暗記にはコツがある。コスパよく覚えよう! という趣旨の記を書きました。

flat-and-flat.com

その中でも繰り返しが重要と書いています。その繰り替えす方法についてです。

で、要点は目次に書くようにしたので、目次だけでも見てってください。

暗記のために繰り返す具体的方法

最初に結論である実施案です。(理由は後回し。)

  • 過去問を通じて覚えていく

ということを前提に(理由はこちらの記事にて。)、以下のルールを設けます。

  • 新規の問題・情報は翌日もう一度やる
  • 翌日以降は復習(もう一度やること)を優先し、残りの時間は新規の問題に取り組む
  • 間違えた問題・覚えにくい事項は付箋を貼って繰り返し回数を増やす

なお、オススメしているこちらの書籍には、過去問が180問掲載されています。今回はこちらを実施する前提で話を進めます。

このルールに則って、以下の順序で学習を進めます。

  1. 一日目は、「新規の問題をできるところまで」進めます。
  2. 二日目は、「昨日と同じ問題」 + 「新規の問題をできるところまで」進めます。
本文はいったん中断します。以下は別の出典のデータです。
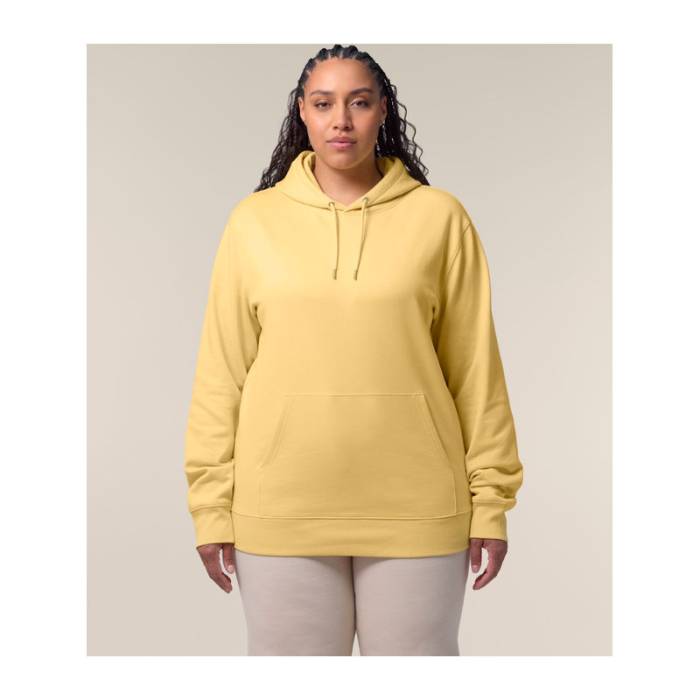 350 g/m² súlyú, bolyhosított polár anyagból készült kapucnis pulóver, dupla rétegű kapucnival, színben harmonizáló húzózsinórokkal és kifogástalan varrással rendelkezik. 100% organikus pamutból készült.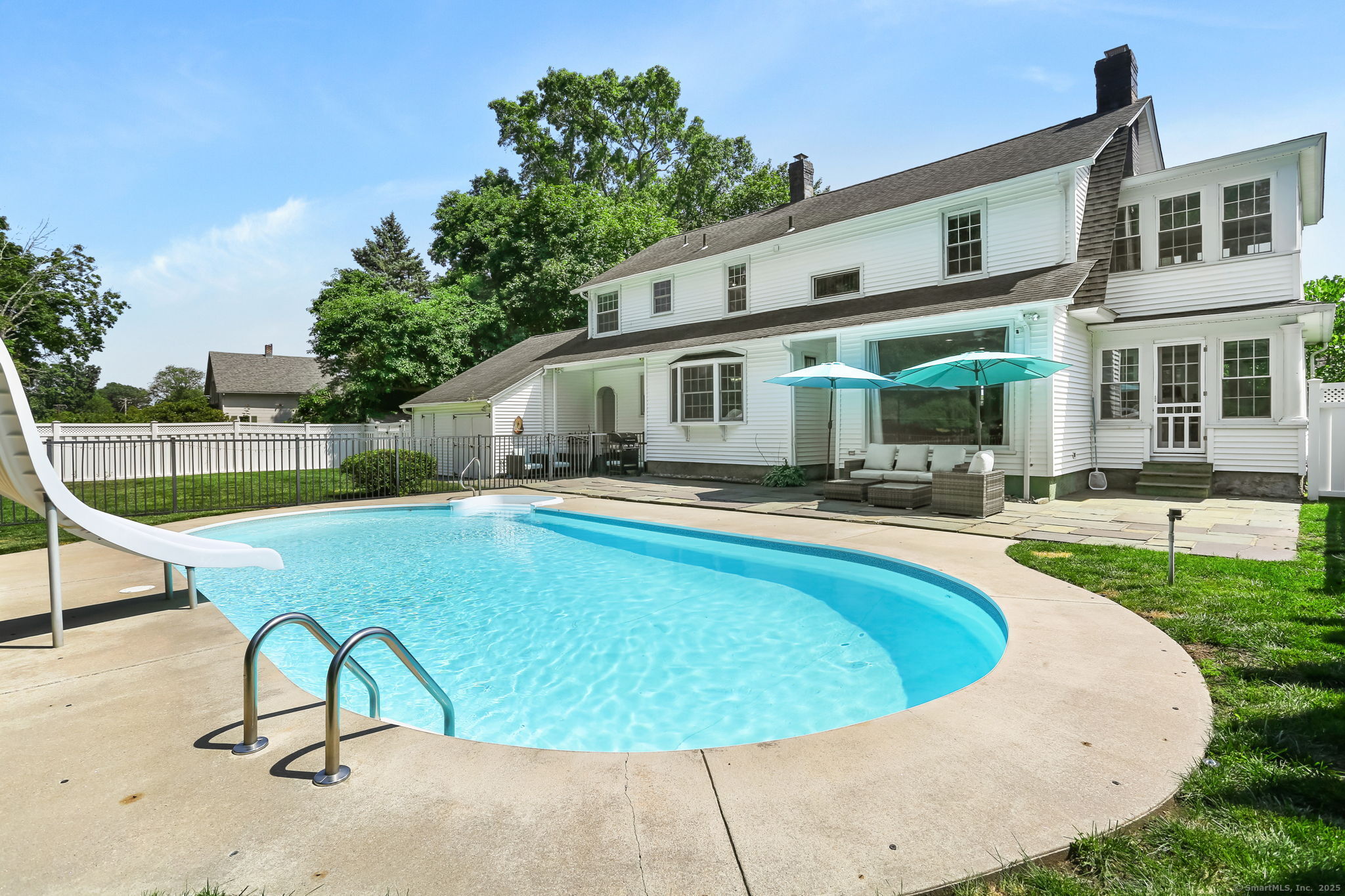 This classic updated 1920s Colonial has four-bedroom, two-and-a-half-bath. The home backs up to the 18th hole of the Mill River country club. Enjoy easy indoor/outdoor entertaining to the underground pool and patio. Main level also features stylish living room with fireplace, elegant large dining room, sun porch/office and powder room. The second floor includes a large primary suite with updated spa bathroom, walk-in closet and two bedrooms plus sunroom. Spacious lower level with all updated systems. Updates galore including new primary bath, installed central air, updated electric, converted from oil to gas, landscaping, waterproof basement, irrigation system, new kitchen floors, brought laundry upstairs and more. Two-car garage. Convenient to schools, shopping and train.

「昨日の問題」で覚えられていなかった問題には付箋を付けます
  3. 三日目は、「昨日と同じ問題」 + 「付箋の付いた問題」 + 「新規の問題をできるところまで」進めます。覚えられていたら付箋は外します
  4. 四日目以降は同じ事の繰り返しです。
  5. 180問すべてが終わったら、1問目から繰り返します。覚えていない問題に付箋をつけるのは同じですので、「付箋の付いた問題」 + 「続きの問題をできるところまで」進めることになります。(ここからは「昨日と同じ問題」はやらなくてよい。)
  6. その180問を終えたらまた1問目から繰り返します。これは試験日まで続けます。

繰り返して暗記する方法
繰り返して暗記する方法

5.の、180問がすべて終わったタイミングで、最低2回はやっていることになります。覚えにくい事項は3回以上繰り返しています。覚えにくい箇所の繰り返し回数は、付箋を利用して増やしています。

上記のように一定の手順をルーティン化して進めることを、私としてはオススメします。というのは、ルールを決めちゃえば考える必要がなくなるので楽だからです。
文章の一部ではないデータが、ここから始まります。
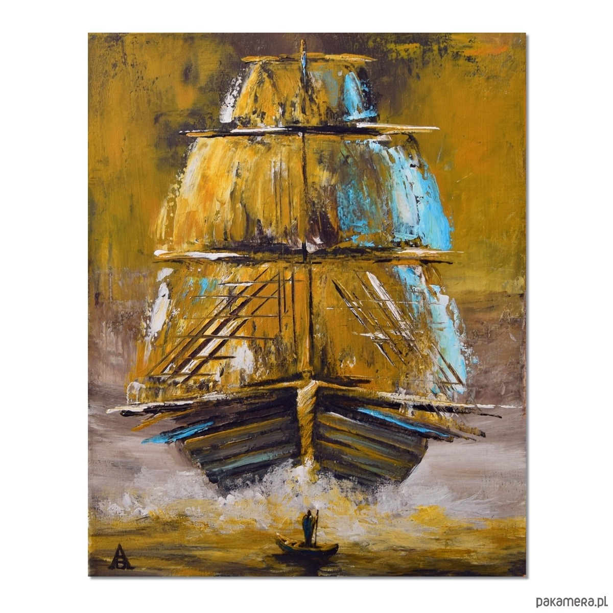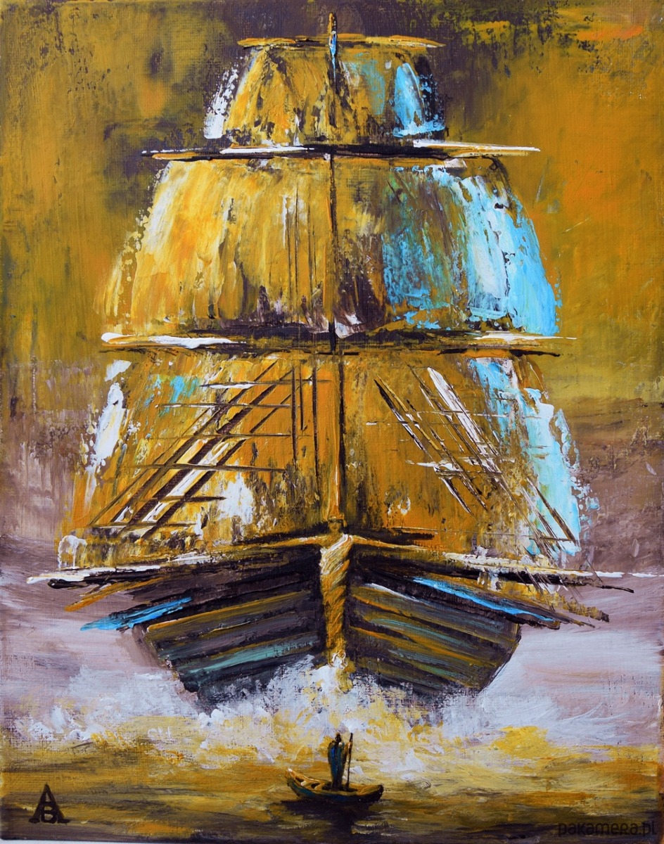 Oryginalny obraz malowany w technice akrylowej na płótnie naciągniętym na blejtram (drewnianą ramę) o grubości ok. 1,5 cm. Rozmiar - 24/30 cm. Obraz pokryty jest werniksem dla ochrony przed wilgocią. Sygnowany. Boki zamalowane w tonacji całości.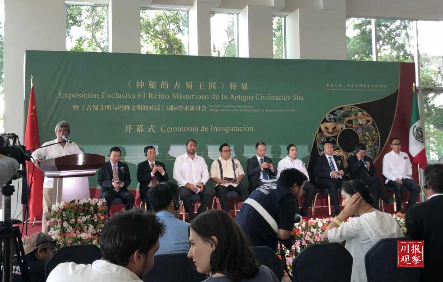 当地时间7月7日,“感知中国·中北美洲国家四川周”系列活动之一“神秘的古蜀王国”特展暨“古蜀文明与玛雅文明的对话”国际学术研讨会在墨西哥梅里达市举行。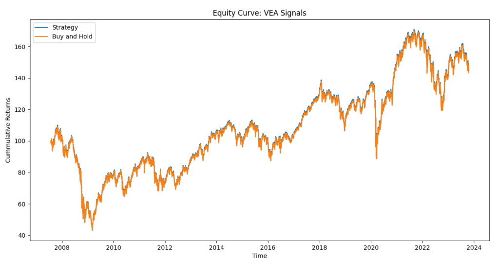 The equity equity curve is very similar because the strategy generates long positions and tracks its historical price.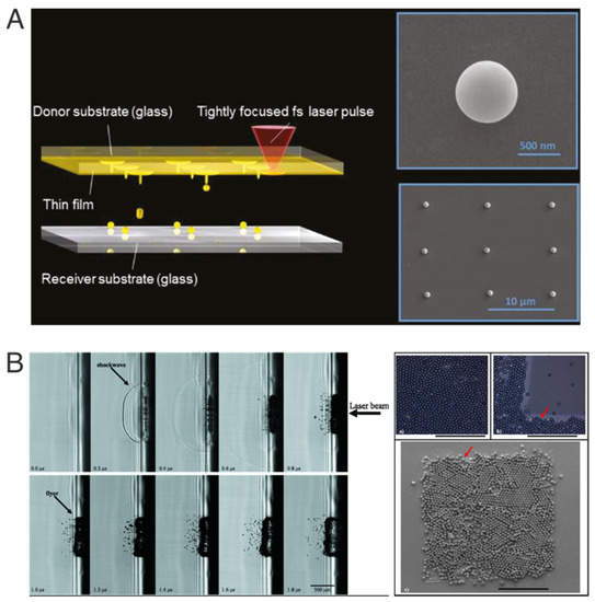 Printing of materials starting from a solid donor film following two different scenarios. (A) Melted material, where the final output corresponds to individual spherical particles. Reprinted under creative commons permission (CC BY-NC-ND 4.0) from [8], copyright 2018, De Gruyter. (B) In this transfer, the use of a sacrificial layer allowed the printing of an array of microspheres that followed the square shape distribution of the incident laser beam. Reprinted with permission from [9], with the permission of AIP Publishing (Copyright 2010).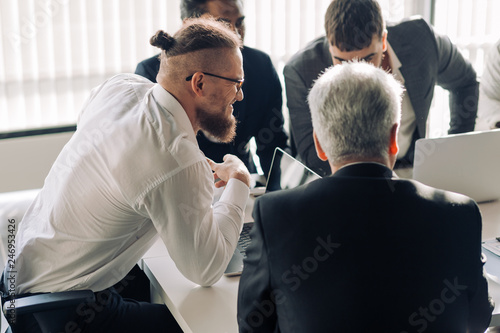 Caucasian businessman sharing ideas on project with his multi-ethnic co-workers in conference room, emotional, positive and focused on his speech man voicing his point of view, close up

5.にたどり着くまでの時間は人それぞれでしょうし、やりやすいようにアレンジしていただくのも良いと思います。ですが、その場合は以降に書いた、なぜこのような実施案になったのか理由を読んでいただきたいです。理由を知った上でアレンジすることをオススメします。

ということで、以降、この方法の理由の説明になります。

基本戦略は繰り返し!

毎日見ていると嫌でも覚えます。地元の駅の路線図、隣の駅、隣の隣の駅、覚えています。したがって、覚えるための基本戦略は繰り返すことです。当たり前じゃん、ですが、この当たり前を利用します。
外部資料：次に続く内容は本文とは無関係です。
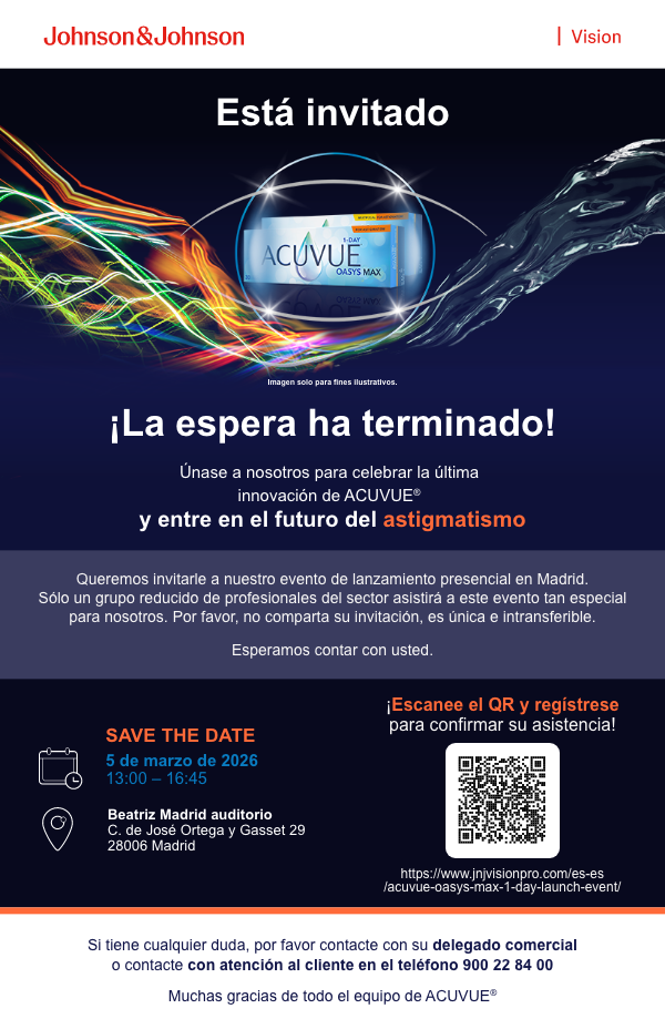 Protección de datos personales: Usted ha recibido este mensaje porque mantiene una relación comercial con Johnson & Johnson, S.A.. Utilizamos su información para la gestión integral de nuestra relación comercial si usted es un profesional de la salud. Con su consentimiento, en su caso, Johnson & Johnson Vision Care como responsable de tratamiento de sus datos personales utilizará su información personal para enviarle información sobre nuestros productos y servicios de la manera que mejor se ajuste a sus intereses, por medios electrónicos. Puede retirar su consentimiento en cualquier momento. Por favor, lea nuestra Política de Privacidad a la que puede acceder en el link situado en la parte superior. Debido a la globalización de nuestra actividad su información personal podrá transferirse a otras compañías del Grupo Johnson & Johnson, así como a los proveedores de servicios que utilicemos, para la realización de los fines descritos anteriormente – e.g. proveedores de servicios tecnológicos-, incluso en terceros países, como Estados Unidos, que pueden tener una legislación propia para el tratamiento de datos de carácter personal. Los datos se transferirán en su caso con las garantías adecuadas (ej. a compañías que hayan suscrito las Cláusulas Contractuales Tipo de la Comisión Europea; más información en emeaprivacy@its.jnj.com). El listado de las entidades de la familia Johnson & Johnson está disponible en: https://www.investor.jnj.com/sec.cfm Para revisar, corregir, actualizar, restringir, eliminar o solicitar una copia electrónica de su información personal diríjase a protecciondedatosvision@its.jnj.com Más información general sobre privacidad en www.jnjvisionpro.com/es-es/privacy-policy/. ACUVUE® es una marca registrada de Johnson & Johnson © JJV ES 2026 | 26VIS044-ES | 2026PP04517

しかしながら、電気工事士の試験範囲は広く、すべてを毎日見るなんて現実的ではありません。

そこで、それなりにいい感じで繰り返すことができる戦略を立てます。

繰り返して忘れる間隔を長くする

今、何か覚えたとします。

1時間後には半分忘れます。

明日には7割忘れます。

・・・

なので! 忘れる頃にもう一度覚えるのです。この忘れかけにもう一度覚えるのが良いタイミングであると言われています。

そして、この忘れる間隔は、繰り返し覚えることで長くなっていきます。徐々に楽になていきます。

これがキホンです。

間違っても、一回で覚え切ると考えてはいけません。人間の脳はそういうことができるようになってないのです。一回の強度をあげるよりも、弱くても複数回見る方が効果的であることが知られています。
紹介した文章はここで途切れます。